In the listing below, find the line with "続けて2層目のファイアーパタ" and the line with "This Amazon Echo". Repeat those two lines and all lines between them exactly.
....................
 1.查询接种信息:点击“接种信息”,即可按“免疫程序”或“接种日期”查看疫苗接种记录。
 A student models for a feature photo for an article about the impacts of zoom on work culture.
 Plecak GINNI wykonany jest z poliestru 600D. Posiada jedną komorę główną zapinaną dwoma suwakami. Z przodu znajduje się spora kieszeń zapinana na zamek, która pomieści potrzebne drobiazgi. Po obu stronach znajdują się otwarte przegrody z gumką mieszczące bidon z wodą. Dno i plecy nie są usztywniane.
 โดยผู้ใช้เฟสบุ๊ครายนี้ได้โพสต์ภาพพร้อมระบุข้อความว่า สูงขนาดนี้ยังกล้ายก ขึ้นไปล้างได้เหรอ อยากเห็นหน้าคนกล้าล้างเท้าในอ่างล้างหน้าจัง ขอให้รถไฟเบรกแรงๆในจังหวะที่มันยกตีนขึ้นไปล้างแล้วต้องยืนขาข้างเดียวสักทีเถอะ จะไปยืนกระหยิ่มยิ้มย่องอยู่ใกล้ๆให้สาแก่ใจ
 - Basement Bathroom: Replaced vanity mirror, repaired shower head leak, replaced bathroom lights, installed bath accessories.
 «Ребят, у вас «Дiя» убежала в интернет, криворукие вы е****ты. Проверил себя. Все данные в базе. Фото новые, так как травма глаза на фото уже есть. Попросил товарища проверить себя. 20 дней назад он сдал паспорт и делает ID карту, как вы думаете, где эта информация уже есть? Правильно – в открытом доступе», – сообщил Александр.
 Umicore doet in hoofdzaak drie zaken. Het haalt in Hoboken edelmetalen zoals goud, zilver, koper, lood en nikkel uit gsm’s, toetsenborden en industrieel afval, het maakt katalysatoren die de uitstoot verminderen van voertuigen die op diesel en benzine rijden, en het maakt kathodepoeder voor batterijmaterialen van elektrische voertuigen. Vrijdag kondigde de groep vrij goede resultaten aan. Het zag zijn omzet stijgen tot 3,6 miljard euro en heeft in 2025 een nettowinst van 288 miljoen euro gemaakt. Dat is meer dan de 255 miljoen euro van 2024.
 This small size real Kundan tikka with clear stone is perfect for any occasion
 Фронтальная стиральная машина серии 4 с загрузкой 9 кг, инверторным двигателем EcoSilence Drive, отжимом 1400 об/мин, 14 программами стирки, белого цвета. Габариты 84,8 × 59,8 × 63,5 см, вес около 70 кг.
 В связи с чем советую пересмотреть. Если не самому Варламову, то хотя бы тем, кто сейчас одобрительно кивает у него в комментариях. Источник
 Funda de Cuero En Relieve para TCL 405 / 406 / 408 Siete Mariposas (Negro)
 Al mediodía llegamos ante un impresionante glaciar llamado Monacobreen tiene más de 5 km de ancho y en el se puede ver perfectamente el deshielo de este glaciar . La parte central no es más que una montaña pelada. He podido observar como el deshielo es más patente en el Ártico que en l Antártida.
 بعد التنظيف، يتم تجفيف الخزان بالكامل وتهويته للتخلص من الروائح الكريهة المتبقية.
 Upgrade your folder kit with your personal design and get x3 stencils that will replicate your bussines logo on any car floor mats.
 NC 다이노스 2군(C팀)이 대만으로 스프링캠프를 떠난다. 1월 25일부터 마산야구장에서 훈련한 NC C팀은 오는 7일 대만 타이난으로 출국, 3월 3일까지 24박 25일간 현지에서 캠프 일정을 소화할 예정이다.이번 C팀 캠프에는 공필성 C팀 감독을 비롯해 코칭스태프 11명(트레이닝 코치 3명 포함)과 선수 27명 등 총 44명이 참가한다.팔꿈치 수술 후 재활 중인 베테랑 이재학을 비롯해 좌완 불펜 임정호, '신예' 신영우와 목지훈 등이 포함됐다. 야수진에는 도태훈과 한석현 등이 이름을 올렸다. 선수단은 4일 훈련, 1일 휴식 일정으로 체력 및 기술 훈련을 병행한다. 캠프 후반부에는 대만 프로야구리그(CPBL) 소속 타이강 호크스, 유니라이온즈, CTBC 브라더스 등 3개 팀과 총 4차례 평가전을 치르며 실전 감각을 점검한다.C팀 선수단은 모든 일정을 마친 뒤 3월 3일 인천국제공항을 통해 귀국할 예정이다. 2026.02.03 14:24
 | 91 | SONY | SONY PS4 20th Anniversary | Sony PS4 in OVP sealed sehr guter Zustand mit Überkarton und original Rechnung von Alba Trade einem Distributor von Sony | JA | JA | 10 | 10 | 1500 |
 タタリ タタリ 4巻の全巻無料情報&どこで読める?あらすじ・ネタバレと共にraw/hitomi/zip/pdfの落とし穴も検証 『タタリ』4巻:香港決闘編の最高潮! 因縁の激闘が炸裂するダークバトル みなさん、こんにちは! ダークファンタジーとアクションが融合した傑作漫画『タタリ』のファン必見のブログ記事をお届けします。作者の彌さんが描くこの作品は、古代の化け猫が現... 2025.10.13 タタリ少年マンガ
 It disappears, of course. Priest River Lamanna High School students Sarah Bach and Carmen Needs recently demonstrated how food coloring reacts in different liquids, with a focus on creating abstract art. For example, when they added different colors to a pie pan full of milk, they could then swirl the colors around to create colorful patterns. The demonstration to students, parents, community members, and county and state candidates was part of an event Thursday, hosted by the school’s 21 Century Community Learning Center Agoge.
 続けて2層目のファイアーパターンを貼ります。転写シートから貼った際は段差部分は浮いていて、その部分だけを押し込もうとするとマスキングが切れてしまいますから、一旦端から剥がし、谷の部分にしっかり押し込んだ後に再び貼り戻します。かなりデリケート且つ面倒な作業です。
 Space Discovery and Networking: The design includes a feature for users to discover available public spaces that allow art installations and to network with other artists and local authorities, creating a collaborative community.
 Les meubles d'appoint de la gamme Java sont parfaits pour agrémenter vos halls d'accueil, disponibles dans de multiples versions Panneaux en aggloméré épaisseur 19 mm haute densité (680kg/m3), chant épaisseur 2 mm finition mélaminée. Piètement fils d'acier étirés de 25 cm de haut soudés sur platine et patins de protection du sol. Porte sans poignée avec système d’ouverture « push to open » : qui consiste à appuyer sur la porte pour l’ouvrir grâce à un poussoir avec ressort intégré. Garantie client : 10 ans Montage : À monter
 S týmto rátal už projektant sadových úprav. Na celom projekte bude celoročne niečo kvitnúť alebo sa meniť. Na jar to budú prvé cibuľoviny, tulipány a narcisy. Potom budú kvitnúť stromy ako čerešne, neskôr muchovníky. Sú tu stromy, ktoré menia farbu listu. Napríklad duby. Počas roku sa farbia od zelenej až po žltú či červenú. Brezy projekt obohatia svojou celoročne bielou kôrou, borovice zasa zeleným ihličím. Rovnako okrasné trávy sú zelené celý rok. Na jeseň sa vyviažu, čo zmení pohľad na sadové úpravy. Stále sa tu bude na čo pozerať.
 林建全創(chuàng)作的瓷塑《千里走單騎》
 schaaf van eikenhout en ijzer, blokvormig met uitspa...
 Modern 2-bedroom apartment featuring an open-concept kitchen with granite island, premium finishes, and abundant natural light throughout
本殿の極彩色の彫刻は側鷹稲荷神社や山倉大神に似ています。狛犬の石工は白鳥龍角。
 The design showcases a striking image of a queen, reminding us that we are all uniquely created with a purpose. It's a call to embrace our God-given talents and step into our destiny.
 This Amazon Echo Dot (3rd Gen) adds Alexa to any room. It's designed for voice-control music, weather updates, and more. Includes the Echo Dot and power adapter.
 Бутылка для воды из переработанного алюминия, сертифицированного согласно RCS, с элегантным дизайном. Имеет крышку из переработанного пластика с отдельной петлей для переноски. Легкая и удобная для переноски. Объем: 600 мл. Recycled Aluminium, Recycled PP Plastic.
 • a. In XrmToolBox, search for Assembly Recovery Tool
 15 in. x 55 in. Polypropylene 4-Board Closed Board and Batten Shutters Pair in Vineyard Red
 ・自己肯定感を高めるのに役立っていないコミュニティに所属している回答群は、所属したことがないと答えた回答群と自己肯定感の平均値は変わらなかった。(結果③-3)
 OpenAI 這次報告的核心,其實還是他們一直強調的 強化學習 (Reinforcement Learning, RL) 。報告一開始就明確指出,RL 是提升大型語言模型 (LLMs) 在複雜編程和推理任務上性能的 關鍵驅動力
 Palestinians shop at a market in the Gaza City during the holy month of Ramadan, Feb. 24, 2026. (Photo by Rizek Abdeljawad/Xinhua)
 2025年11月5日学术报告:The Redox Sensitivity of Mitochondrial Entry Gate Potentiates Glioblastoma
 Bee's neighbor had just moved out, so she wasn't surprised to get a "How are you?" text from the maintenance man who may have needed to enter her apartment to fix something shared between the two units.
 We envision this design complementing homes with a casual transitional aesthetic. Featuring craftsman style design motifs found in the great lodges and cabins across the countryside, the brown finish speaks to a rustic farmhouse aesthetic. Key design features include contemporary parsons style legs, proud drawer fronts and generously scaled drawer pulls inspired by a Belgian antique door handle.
....................
> _Task answer_
 続けて2層目のファイアーパターンを貼ります。転写シートから貼った際は段差部分は浮いていて、その部分だけを押し込もうとするとマスキングが切れてしまいますから、一旦端から剥がし、谷の部分にしっかり押し込んだ後に再び貼り戻します。かなりデリケート且つ面倒な作業です。
 Space Discovery and Networking: The design includes a feature for users to discover available public spaces that allow art installations and to network with other artists and local authorities, creating a collaborative community.
 Les meubles d'appoint de la gamme Java sont parfaits pour agrémenter vos halls d'accueil, disponibles dans de multiples versions Panneaux en aggloméré épaisseur 19 mm haute densité (680kg/m3), chant épaisseur 2 mm finition mélaminée. Piètement fils d'acier étirés de 25 cm de haut soudés sur platine et patins de protection du sol. Porte sans poignée avec système d’ouverture « push to open » : qui consiste à appuyer sur la porte pour l’ouvrir grâce à un poussoir avec ressort intégré. Garantie client : 10 ans Montage : À monter
 S týmto rátal už projektant sadových úprav. Na celom projekte bude celoročne niečo kvitnúť alebo sa meniť. Na jar to budú prvé cibuľoviny, tulipány a narcisy. Potom budú kvitnúť stromy ako čerešne, neskôr muchovníky. Sú tu stromy, ktoré menia farbu listu. Napríklad duby. Počas roku sa farbia od zelenej až po žltú či červenú. Brezy projekt obohatia svojou celoročne bielou kôrou, borovice zasa zeleným ihličím. Rovnako okrasné trávy sú zelené celý rok. Na jeseň sa vyviažu, čo zmení pohľad na sadové úpravy. Stále sa tu bude na čo pozerať.
 林建全創(chuàng)作的瓷塑《千里走單騎》
 schaaf van eikenhout en ijzer, blokvormig met uitspa...
 Modern 2-bedroom apartment featuring an open-concept kitchen with granite island, premium finishes, and abundant natural light throughout
本殿の極彩色の彫刻は側鷹稲荷神社や山倉大神に似ています。狛犬の石工は白鳥龍角。
 The design showcases a striking image of a queen, reminding us that we are all uniquely created with a purpose. It's a call to embrace our God-given talents and step into our destiny.
 This Amazon Echo Dot (3rd Gen) adds Alexa to any room. It's designed for voice-control music, weather updates, and more. Includes the Echo Dot and power adapter.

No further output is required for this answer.